Recorded information ->

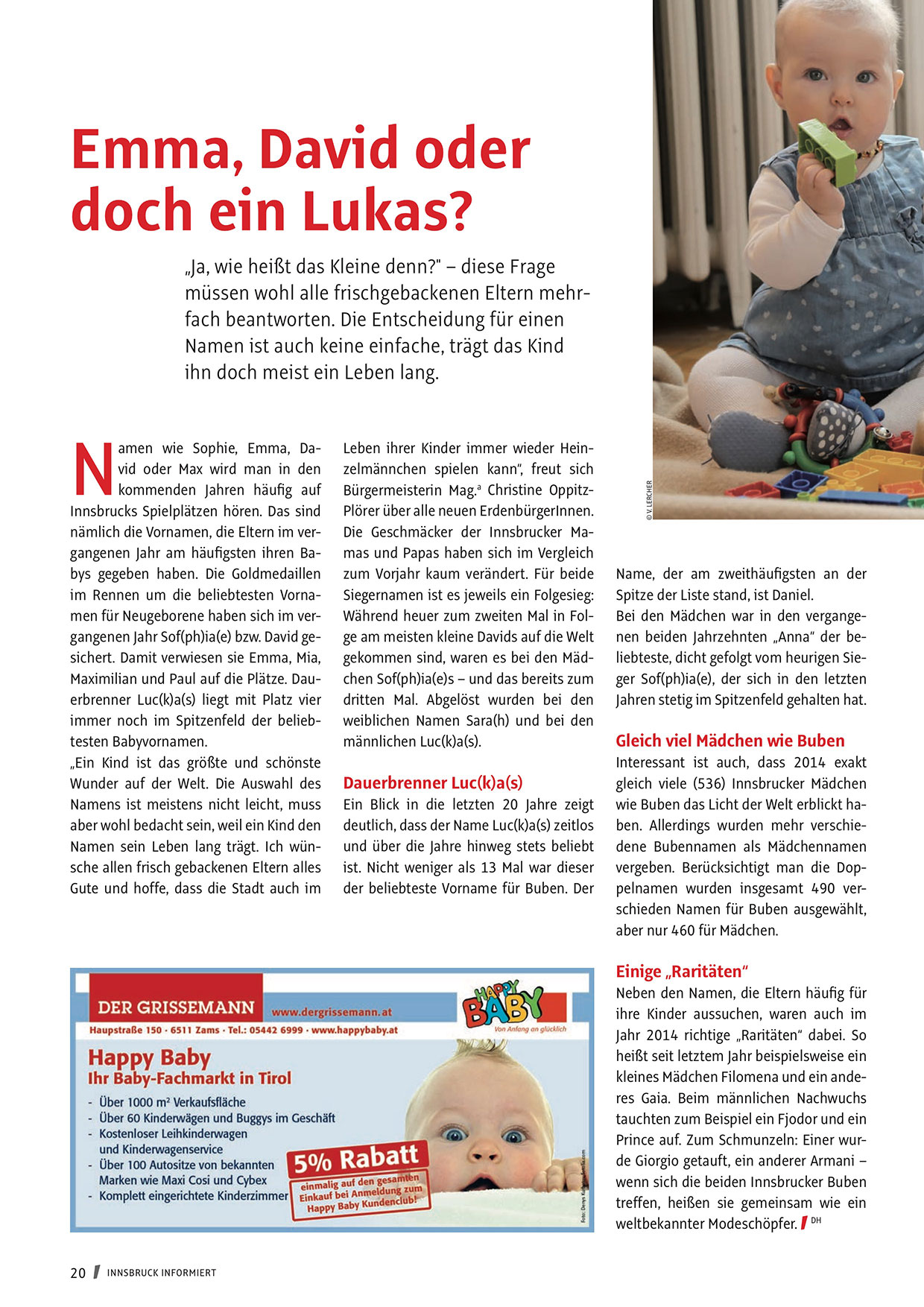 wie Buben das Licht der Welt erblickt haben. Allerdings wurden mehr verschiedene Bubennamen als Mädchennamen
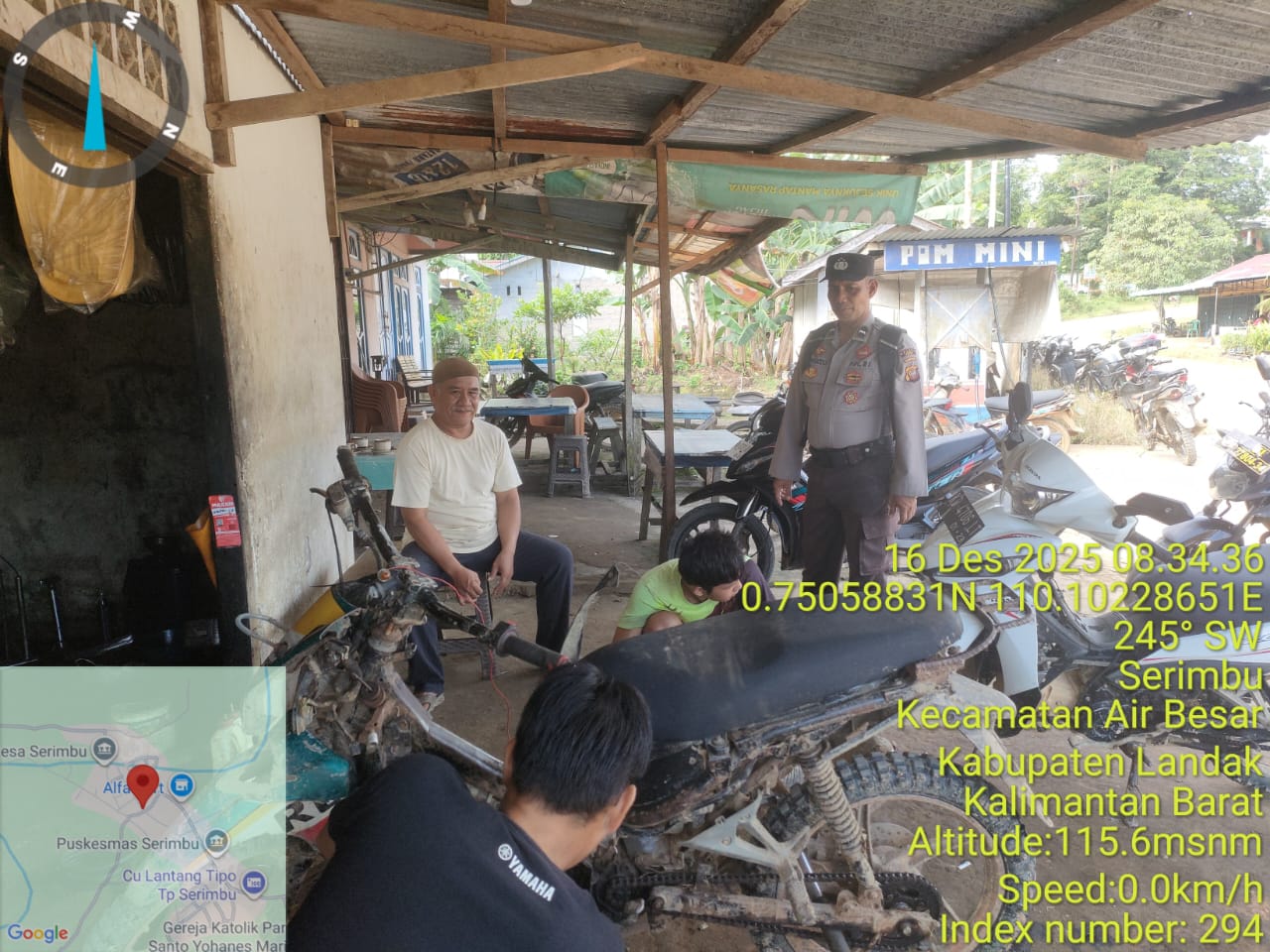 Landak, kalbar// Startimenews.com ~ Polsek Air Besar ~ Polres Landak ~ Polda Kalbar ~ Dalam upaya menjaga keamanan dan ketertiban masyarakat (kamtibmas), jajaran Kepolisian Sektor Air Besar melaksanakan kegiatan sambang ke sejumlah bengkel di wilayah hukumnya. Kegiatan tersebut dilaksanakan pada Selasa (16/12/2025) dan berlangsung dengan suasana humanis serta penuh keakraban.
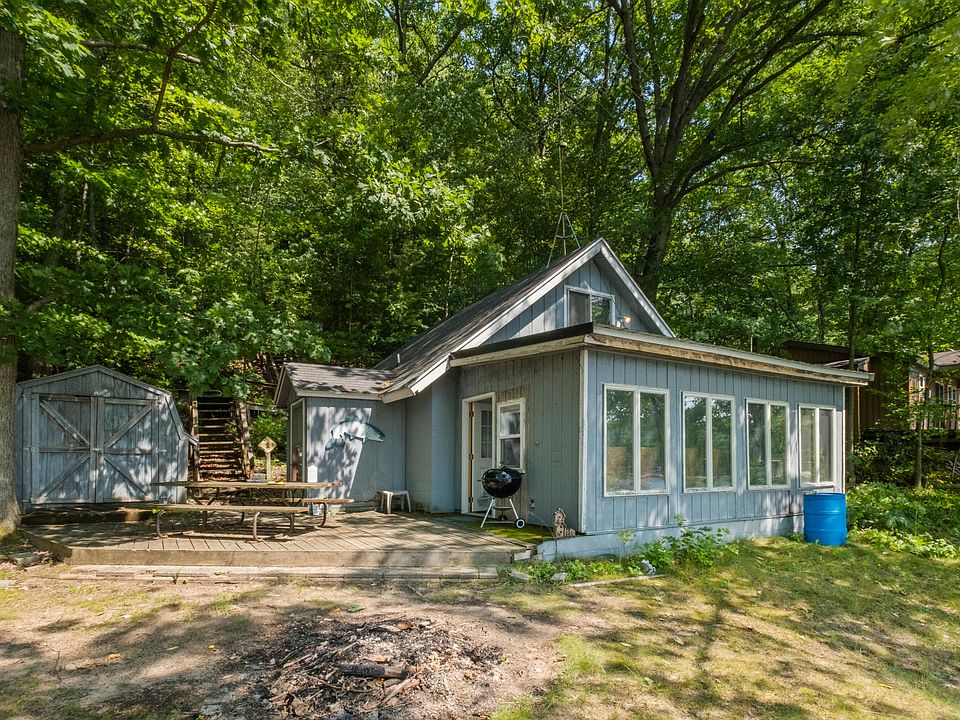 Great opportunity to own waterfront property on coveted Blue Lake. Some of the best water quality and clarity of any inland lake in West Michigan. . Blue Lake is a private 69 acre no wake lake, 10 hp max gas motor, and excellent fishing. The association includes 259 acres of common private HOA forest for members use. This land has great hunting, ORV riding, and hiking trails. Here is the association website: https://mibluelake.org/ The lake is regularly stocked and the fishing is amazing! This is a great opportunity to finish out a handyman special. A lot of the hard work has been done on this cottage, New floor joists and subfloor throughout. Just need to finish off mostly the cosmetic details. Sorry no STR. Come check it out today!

Action item -> Give back each line above verbatim, dropping every picture.

Answer box ->
 wie Buben das Licht der Welt erblickt haben. Allerdings wurden mehr verschiedene Bubennamen als Mädchennamen
 Landak, kalbar// Startimenews.com ~ Polsek Air Besar ~ Polres Landak ~ Polda Kalbar ~ Dalam upaya menjaga keamanan dan ketertiban masyarakat (kamtibmas), jajaran Kepolisian Sektor Air Besar melaksanakan kegiatan sambang ke sejumlah bengkel di wilayah hukumnya. Kegiatan tersebut dilaksanakan pada Selasa (16/12/2025) dan berlangsung dengan suasana humanis serta penuh keakraban.
 Great opportunity to own waterfront property on coveted Blue Lake. Some of the best water quality and clarity of any inland lake in West Michigan. . Blue Lake is a private 69 acre no wake lake, 10 hp max gas motor, and excellent fishing. The association includes 259 acres of common private HOA forest for members use. This land has great hunting, ORV riding, and hiking trails. Here is the association website: https://mibluelake.org/ The lake is regularly stocked and the fishing is amazing! This is a great opportunity to finish out a handyman special. A lot of the hard work has been done on this cottage, New floor joists and subfloor throughout. Just need to finish off mostly the cosmetic details. Sorry no STR. Come check it out today!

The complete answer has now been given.